▸ **Task description**:
Below are some records. Return exactly their lines from the one containing "Two different ways" through the one containing "Restwell Motel Vincennes", and drop the pictures.

Start of Dataset content

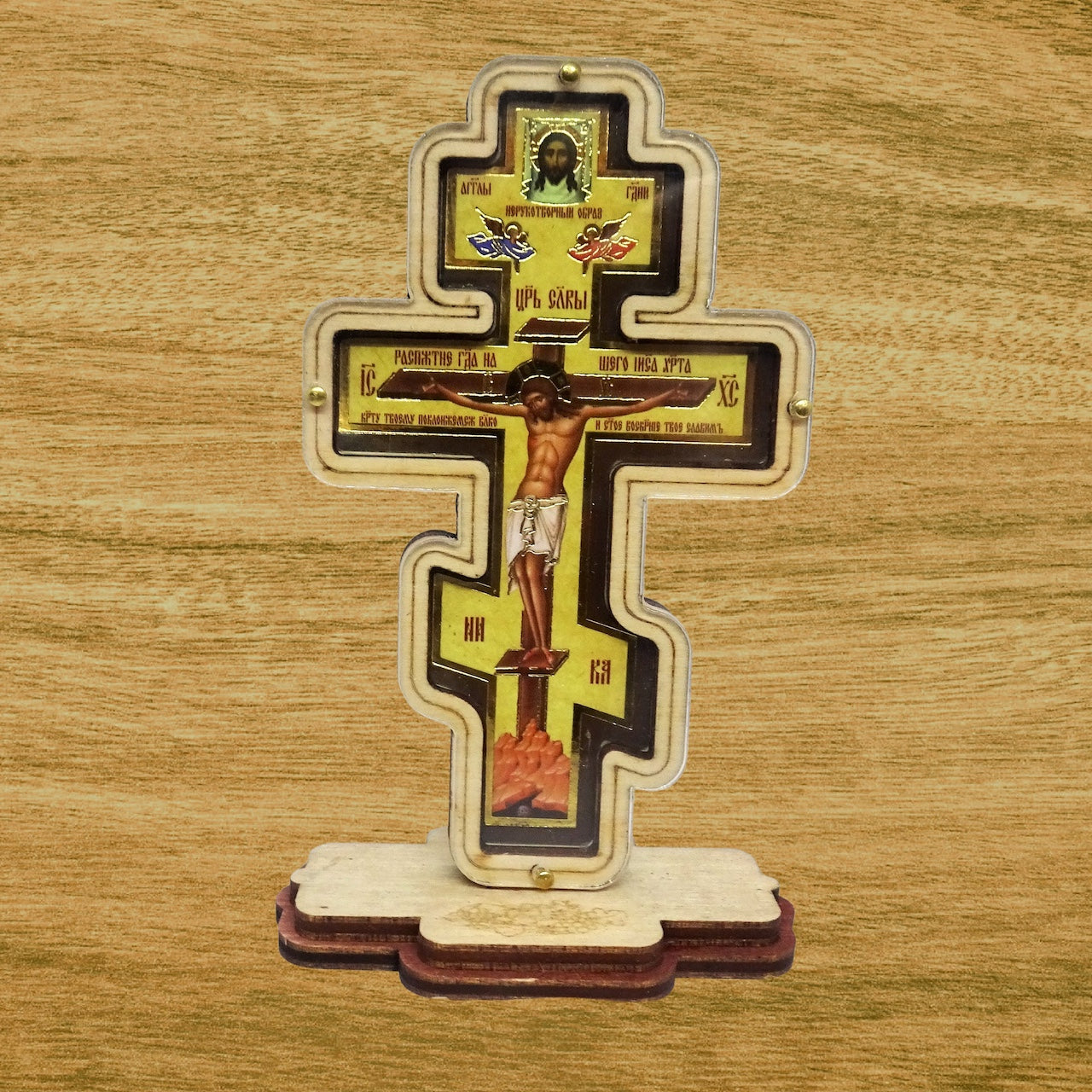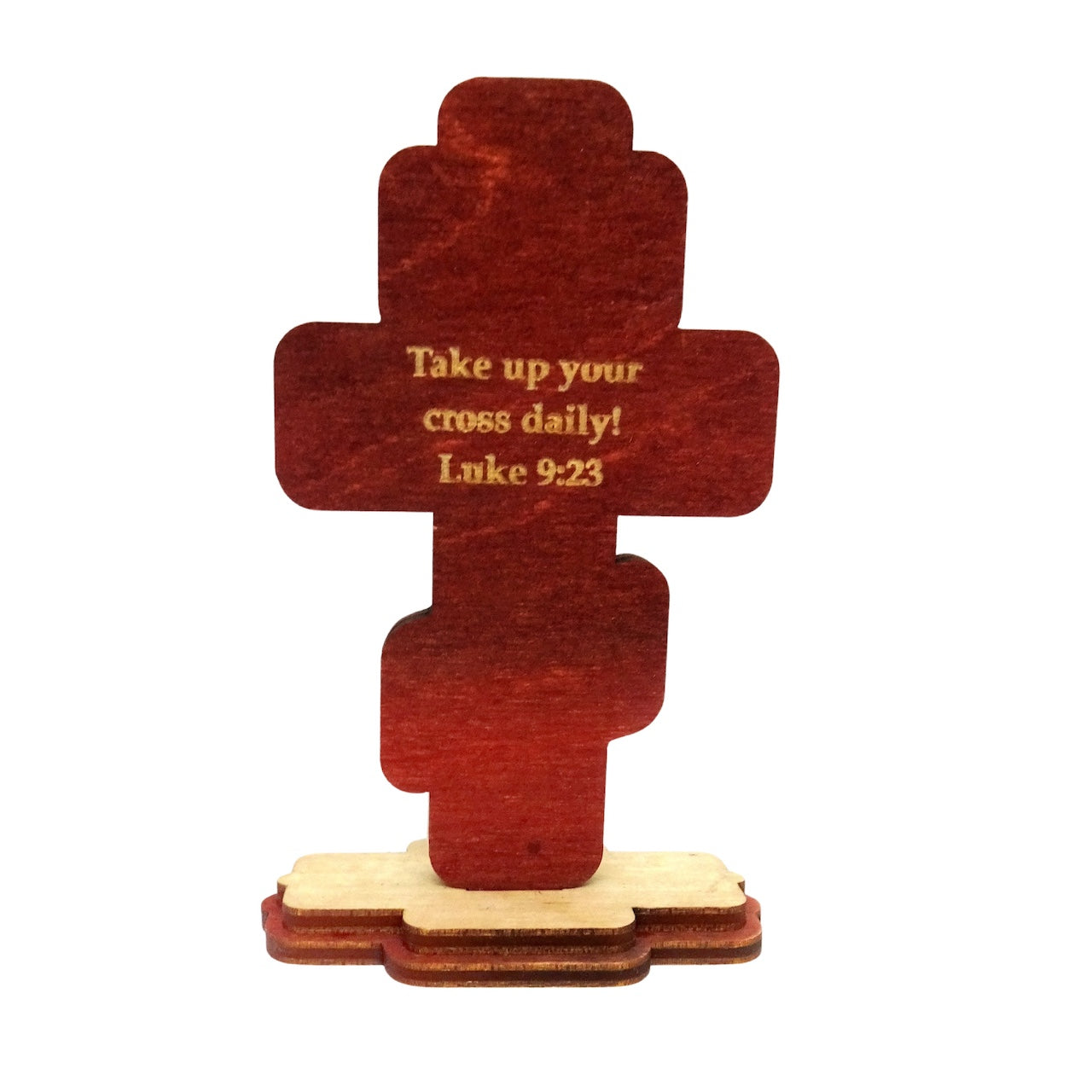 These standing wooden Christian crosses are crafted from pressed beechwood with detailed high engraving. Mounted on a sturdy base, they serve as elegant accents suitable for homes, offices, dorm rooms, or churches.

End of Dataset content
Start of Dataset content

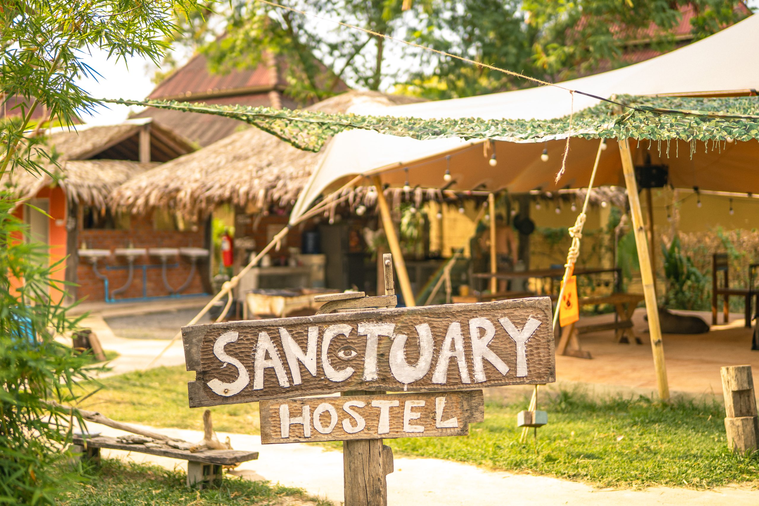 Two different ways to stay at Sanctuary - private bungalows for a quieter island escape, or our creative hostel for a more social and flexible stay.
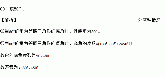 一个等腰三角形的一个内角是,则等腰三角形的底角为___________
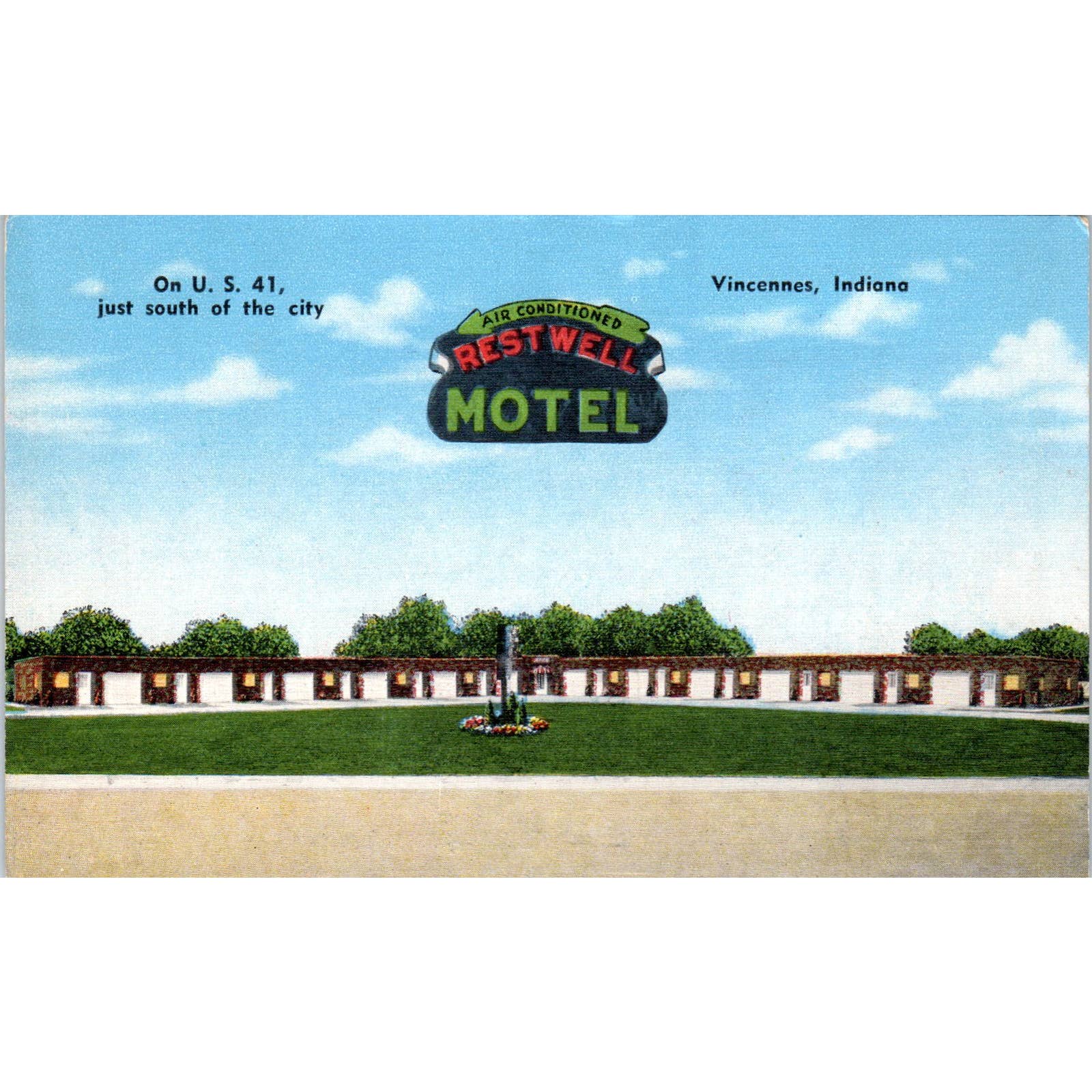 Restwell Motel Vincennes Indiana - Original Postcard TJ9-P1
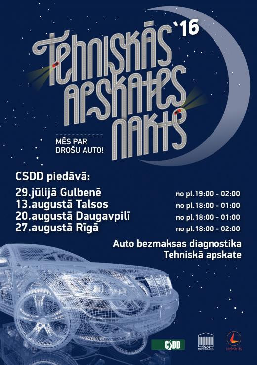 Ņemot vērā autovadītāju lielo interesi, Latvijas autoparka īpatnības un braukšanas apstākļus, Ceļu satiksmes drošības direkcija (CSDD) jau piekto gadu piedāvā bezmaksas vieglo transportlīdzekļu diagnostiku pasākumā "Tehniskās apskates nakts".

End of Dataset content
Start of Dataset content

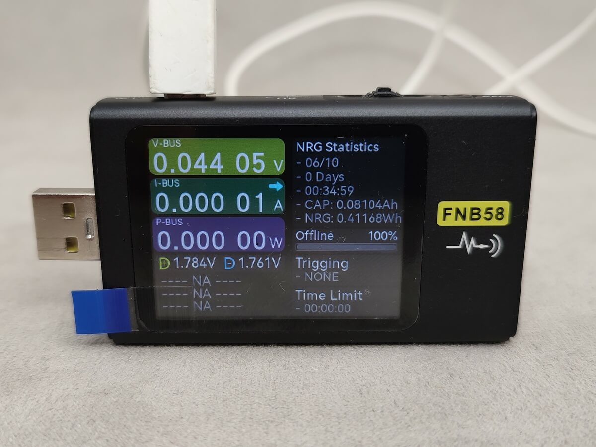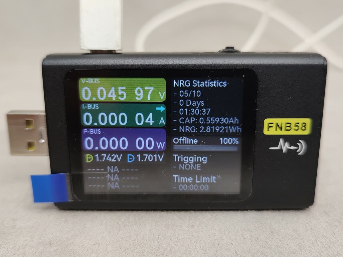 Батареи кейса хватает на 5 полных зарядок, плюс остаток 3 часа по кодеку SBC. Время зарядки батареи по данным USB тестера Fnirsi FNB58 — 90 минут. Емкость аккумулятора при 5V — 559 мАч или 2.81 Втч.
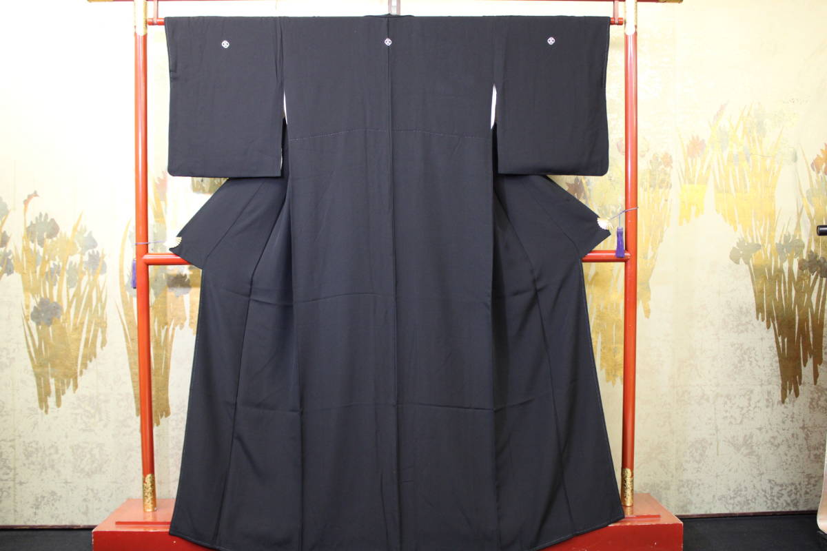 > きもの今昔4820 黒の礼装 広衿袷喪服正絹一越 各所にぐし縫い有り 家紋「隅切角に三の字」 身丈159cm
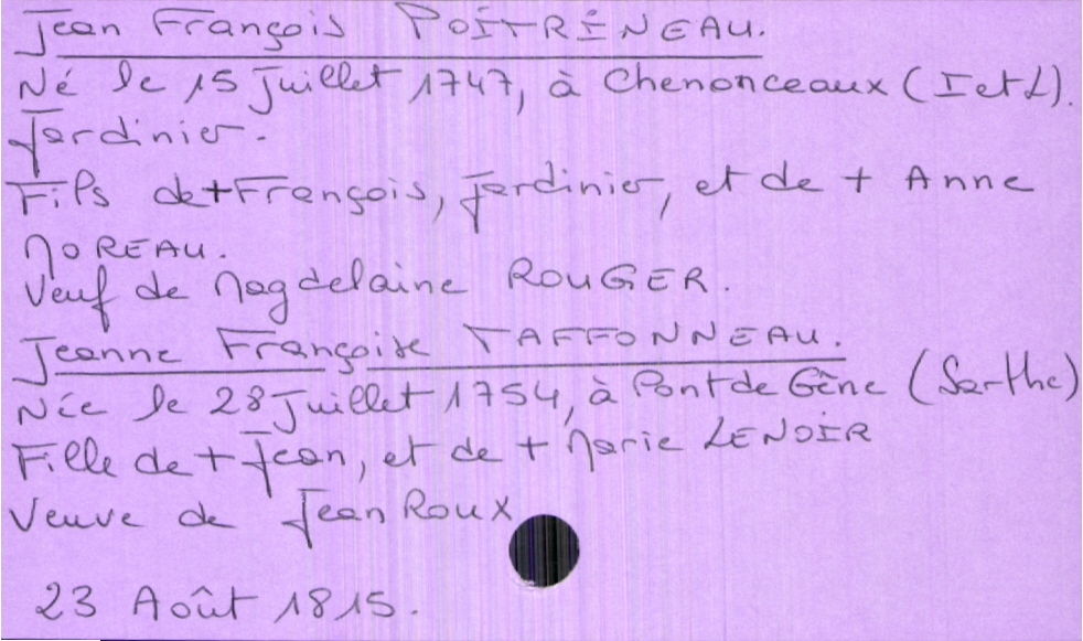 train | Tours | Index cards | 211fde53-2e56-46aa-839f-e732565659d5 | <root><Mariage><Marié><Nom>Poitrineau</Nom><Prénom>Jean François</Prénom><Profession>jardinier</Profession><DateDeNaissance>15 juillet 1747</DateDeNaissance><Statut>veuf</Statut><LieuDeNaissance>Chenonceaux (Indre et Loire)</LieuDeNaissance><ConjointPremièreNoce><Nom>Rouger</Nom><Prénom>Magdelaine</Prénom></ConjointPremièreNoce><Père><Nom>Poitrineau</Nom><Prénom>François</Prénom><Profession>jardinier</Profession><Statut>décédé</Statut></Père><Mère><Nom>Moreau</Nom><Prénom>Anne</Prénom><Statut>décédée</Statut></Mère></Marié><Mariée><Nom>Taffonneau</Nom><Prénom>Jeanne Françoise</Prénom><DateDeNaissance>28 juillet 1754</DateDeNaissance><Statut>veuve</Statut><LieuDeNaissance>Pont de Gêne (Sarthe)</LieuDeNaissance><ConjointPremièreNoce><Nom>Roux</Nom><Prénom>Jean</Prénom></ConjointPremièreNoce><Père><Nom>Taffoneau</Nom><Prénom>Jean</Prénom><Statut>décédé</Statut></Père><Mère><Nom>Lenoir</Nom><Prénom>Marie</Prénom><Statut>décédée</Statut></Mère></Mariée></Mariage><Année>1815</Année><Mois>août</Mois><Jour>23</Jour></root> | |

End of Dataset content

▸ **Written answer**:
 Two different ways to stay at Sanctuary - private bungalows for a quieter island escape, or our creative hostel for a more social and flexible stay.
 一个等腰三角形的一个内角是,则等腰三角形的底角为___________
 Restwell Motel Vincennes Indiana - Original Postcard TJ9-P1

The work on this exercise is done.